My friend, Karim Aïnouz, the Brazilian nominee on the shortlist for the Academy Awards —his film is called “The Invisible Life of Eurídice Gusmão,” — said to me, “The auteur theory is all about brand building.”

It basically is. So, you’ve carved out your brand, then? You had a negative experience working in television recently, yes; TV wasn’t for you?
It’s a different beast. Whatever people say, there is a committee involved in the creativity. I don’t work that well in that environment. Television isn’t for me and I’m not for television; it’s mutual.

Are you the kind of creator that has several projects sitting in a drawer?
I’m a Montessori kid. Montessori is an educational philosophy that is about starting and finishing one project before moving on to the next. You work in a very linear way towards completion before going on to the next project.

It makes sense why artists always have to be working on something in your movies…
I’m more connected to myself when I have the companionship of a single project running alongside the rest of my life. Here we are talking about “Frankie,” but I’ve got this other film I’m making —which you don’t know anything about yet— and, knowing that it’s mine, I find that companionable.

Feels like people overlook that these days. The discourse is always moving onto the next thing…
I know what you mean.

Seems like anything that doesn’t have Disney’s resources is living in fear of being drowned out. 
That’s something a little different; that’s about having lost an audience that used to be bigger, like opera, or something similar. None of us know anything about opera. I don’t know anything about opera.

We are not training younger audiences. The culture is changing. I felt this when I was at Cannes; it felt like the Titanic was going down and people were popping champagne. No one in the room understood quite how rarefied the air was.

I think Cannes could have a use, though; it could be used to encourage the conversations more between those of us who are doing this sort of work, in a kind of human way; which is hard when you’re at the center of capitalism.

Are some things are changing for the positive though? As a gay man, have you found it easier to navigate the creative space at all?
Not as a gay man. I don’t think artwork goes in a particularly linear direction towards progress. We’re certainly not better than we were in the age of Fassbinder and Visconti —which was a high renaissance in the ‘70s of a certain kind of queer cinema— and those directors were able to maintain [their vision], like Pasolini. But it’s not like we’ve [eclipsed that].

As an artist, I’m very willing and interested in talking about the macro, but I focus most intently on the micro. I’ll wear another hat.

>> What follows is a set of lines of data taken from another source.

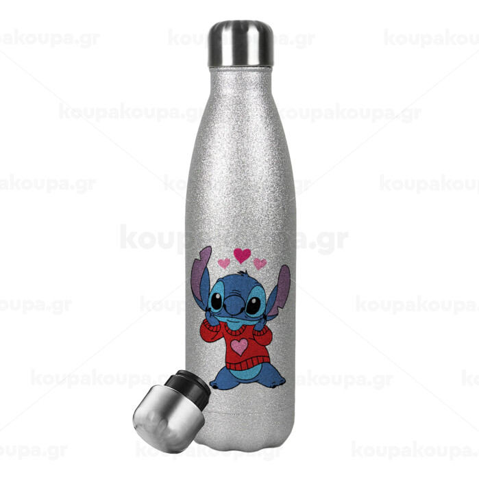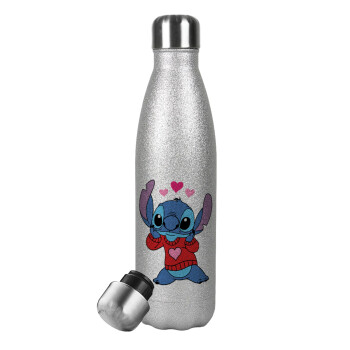 Stitch heart, Metallic Glitter Silver Thermos Flask (Stainless steel), double-walled, 500ml
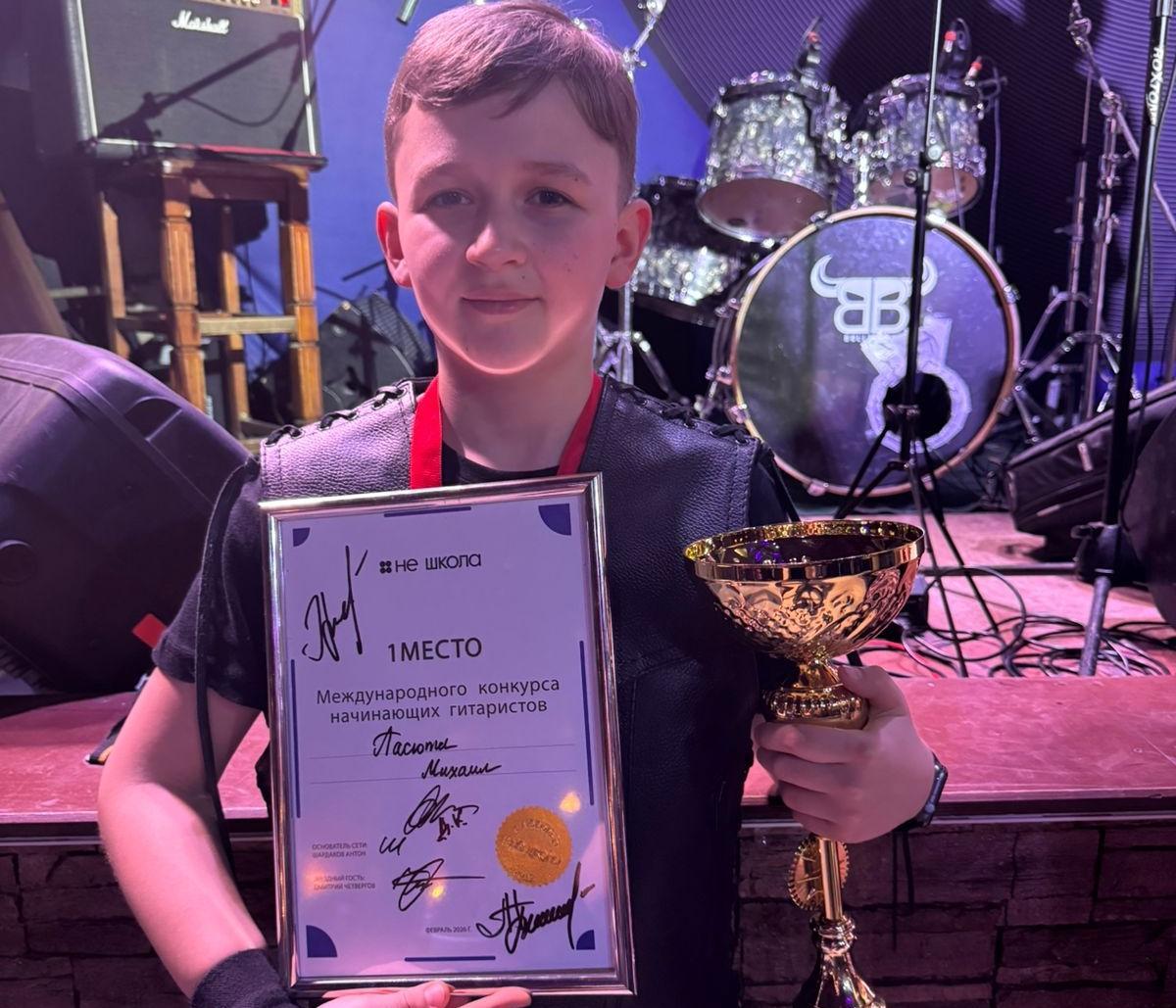 3 марта 2026, Вторник 12:03 Просмотров: 50Поздравляем Михаила Пасюту (преп. Воротынцева О.В.) с ПОБЕДОЙ -1 место на Международном конкурсе начинающих гитаристов! Конкурс проходил в два тура. Михаил отлично прошёл все конкурсные испытания и стал ПОБЕДИТЕЛЕМ!
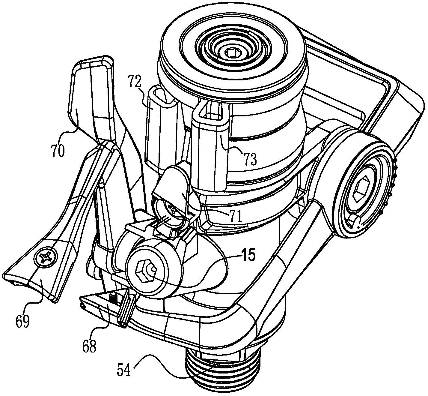 垂直击打式水鸟喷洒器用杠杆作用作垂直击打式机构简化了类似用多个半齿轮的复杂机构;垂直打水靶68的作杠杆作用的支点的水平转轴套的左右两端分别设有上下转齿套74、上下转活套75及上下转扭簧76作为杠杆支点轴以便垂直打水靶68的杠杆的头部上下移动而遮挡出水口,杠杆的头部设有抛物板m21b和左右分水板m21c,抛物板m21b是采用上下动作的垂直击打式方法来击打出水的垂直打水靶的抛物板,上挡杆69在抛物板m21b的上方的上止点挡住抛物板m21b,档位杆70的下端的档位销钉插入上挡杆69的下端的档位销钉长孔中以调配高低;左右分水板m21c设有一左一右的背靠背弧形分水板m21给左右换向提供动力,如此周而复始。

I started an LGBTQ arts organization called Queer Arts, and I’m a community organizer, and I’m thinking in the macro there; but, as a filmmaker, I’m just thinking “What is my next film and how can I get it made.”

I was talking to someone earlier about the show “Pose,” which is a kind of radical inversion of who is at the center of the story, in a way that’s very funny. That is changing in a super positive way for the voices of different kinds of writers and artists.

Even for my generation, queer characters were primarily represented in art house pictures, but now it’s finally starting to feel like something you see in mainstream content.
You’re right. I’m glad that you articulated that that is progress. I’m always thinking, “who is our new Fassbinder?” But that’s not the only way to look at it; you can also look at it as who gets jobs, and in what spaces are they’re being made. Maybe the aesthetic level hasn’t seen much direct progress, at least when it comes to what I’m looking for.

That’s probably why I didn’t work well in television. I’m still in this conversation about form with my heroes from the golden age of the art film. When I got out I was like, “I really just want to work with people who want to talk about Chantal Akerman.”

“Frankie” arrives in theaters on October 25.